[WORK TO COMPLETE]:
Please give the lines below again exactly as they stand, from the one that contains "- Если дальность" up to and including the one that contains "Doppelwaschbecken, WC & Fön", leaving all pictures out.

[EXTRACTED RECORDS]:
•••••
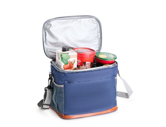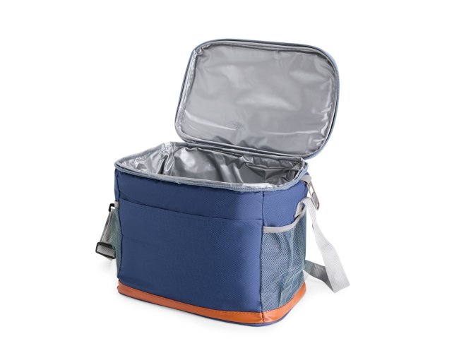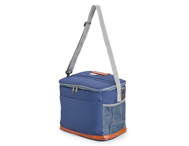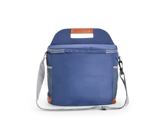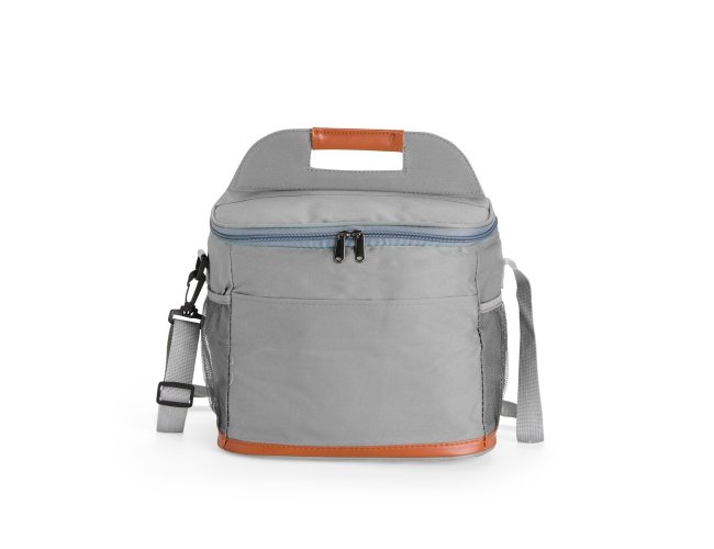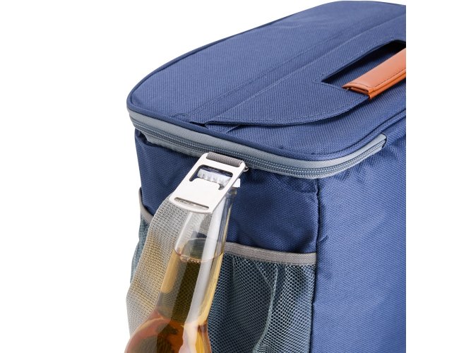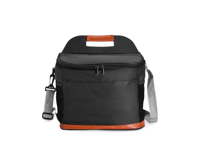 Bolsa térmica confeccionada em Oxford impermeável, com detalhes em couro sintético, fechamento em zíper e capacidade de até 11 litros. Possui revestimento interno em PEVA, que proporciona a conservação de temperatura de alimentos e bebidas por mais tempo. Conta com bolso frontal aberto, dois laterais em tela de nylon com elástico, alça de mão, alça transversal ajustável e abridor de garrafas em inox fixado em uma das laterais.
•••••
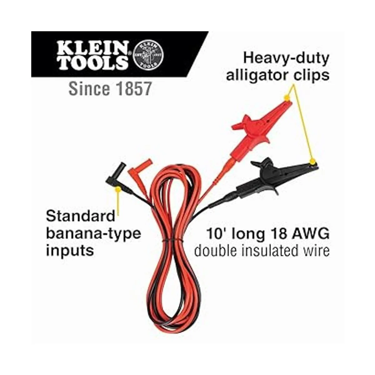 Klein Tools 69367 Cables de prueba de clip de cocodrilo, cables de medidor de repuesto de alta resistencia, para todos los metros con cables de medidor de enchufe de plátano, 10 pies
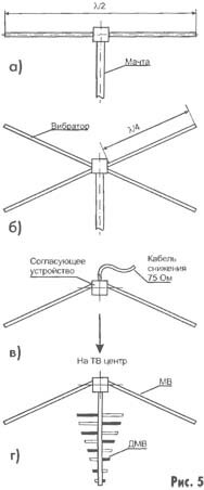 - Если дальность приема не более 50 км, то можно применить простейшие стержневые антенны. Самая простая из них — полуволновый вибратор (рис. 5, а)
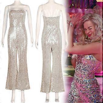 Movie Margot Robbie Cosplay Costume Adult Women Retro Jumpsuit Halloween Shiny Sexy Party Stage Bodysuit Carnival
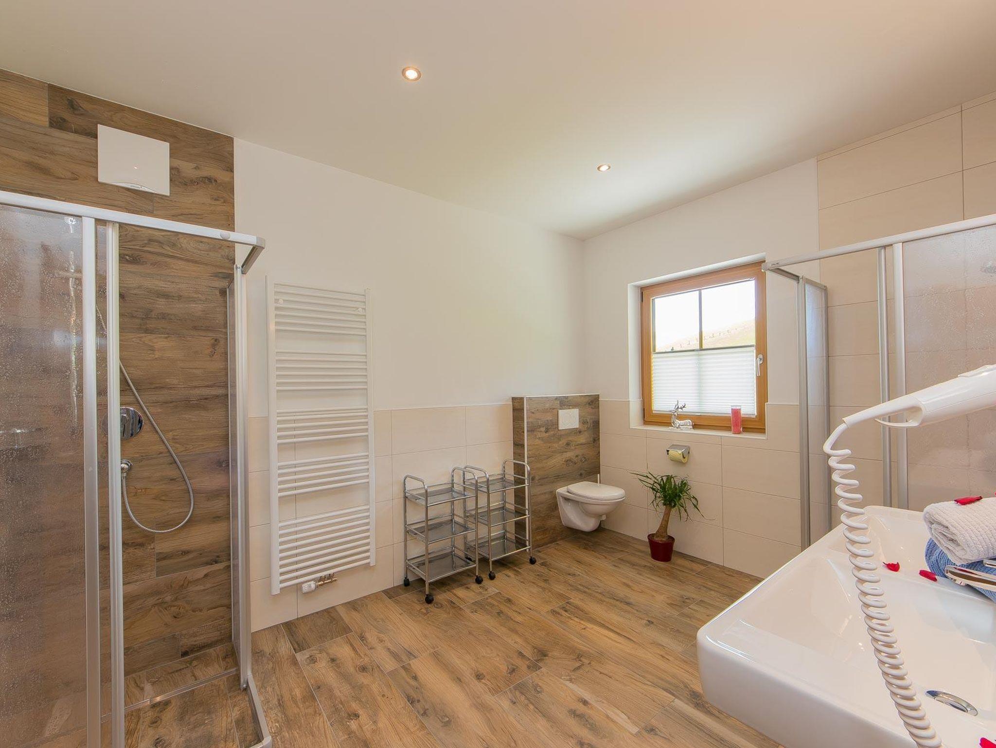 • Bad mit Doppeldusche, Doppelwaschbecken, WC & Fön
•••••
[TASK RESULT]:
 - Если дальность приема не более 50 км, то можно применить простейшие стержневые антенны. Самая простая из них — полуволновый вибратор (рис. 5, а)
 Movie Margot Robbie Cosplay Costume Adult Women Retro Jumpsuit Halloween Shiny Sexy Party Stage Bodysuit Carnival
 • Bad mit Doppeldusche, Doppelwaschbecken, WC & Fön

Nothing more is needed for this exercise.